Reader, if you are not yet safe,” escape for thy life; look not behind thee, neither stay thou in all the plain.” Go at once, just as you are, to Christ; tell out all your heart, confess yourself a sinner, own your utter helplessness to say or do or think anything aright. He hath said, “Him that cometh unto me I will in no wise cast out.”
But there was another incident connected with “the falling house,” which we would seek also to apply. One of the inmates had, as was his duty, tarried to see all safely out, and was at last left alone. In the hurry of departure, a few little necessaries, indispensable under the circumstances, for the use of the family, had been forgotten. These he went upstairs to fetch. He was a believer in the Lord Jesus Christ, and feeling that it devolved upon himself to run the risk, he undertook it in perfect confidence, as a necessary duty, fully persuaded in his own heart that he was perfectly safe in the Lord’s keeping. Indeed, to express in few words what he did think about the matter, it was that the house could not fall while he was in it. This conviction, whether right or wrong, was so strong that he went about what he looked upon as his duty, without undue baste or any fear whatever. In the meanwhile the builder who had done all the mischief, having been informed of what had occurred, had arrived with a body of men and a load of timber, to save, if possible, the falling house. It was already night, and down in the excavation, the torches held by the workers flashed ever and anon through the crevices in the very foundation of the sinking wall: the crash of ax and hammer, mallet and saw, the shouts of the excited men, the thunder of heavy beams and planks hurled into the pit from the cart on the roadway, the falling debris, and that peculiar and even more ominous sound in the upper rooms, as of dust raining down between the plaster and the wall itself, all spoke of imminent peril to the solitary inmate. Oh what a scene will that be, dear reader, when the Church is gone, when this poor earth is given up of God for a time to judgment, when the crash of armies, the momentary triumph of the wicked, the rain of wrath, all mingle and surround the lonely remnant of God’s ancient people Israel; when “darkness covers the earth, and gross darkness the people,” and no ray of light breaks in, unless it be the lurid flashes of malignant fires from the very abyss itself! Would you be left in such a scene? Those whom you had loved, it may be, all taken out because they trusted in “the blood,” while you, a temporizer, a despiser of grace, are compelled to moan in inexpressible anguish of heart,
“They are all gone to a world of light,
And I alone sit sorrowing here;
Their very memory is fair and bright,
But me — what hope can cheer?”
Do be persuaded, then, to take refuge in the love of Christ while he is yet willing, yea, most willing, to receive you.

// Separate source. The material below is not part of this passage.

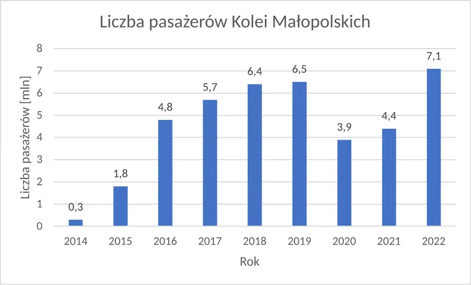 - ↑ 20 milionów pasażerów Kolei Małopolskich [online], inforail.pl [dostęp 2019-03-28] (pol.).

To proceed. Having collected what could not well be dispensed with, the solitary inmate of the falling house returned downstairs to the street door. It had been left a little ajar by the last person who went out, and he took hold of it to open it wider; but judge what his feelings were when on attempting to do this he found it immovable! Yes; the weight of the sinking beam above had fixed it as it stood, and no effort of his would move it.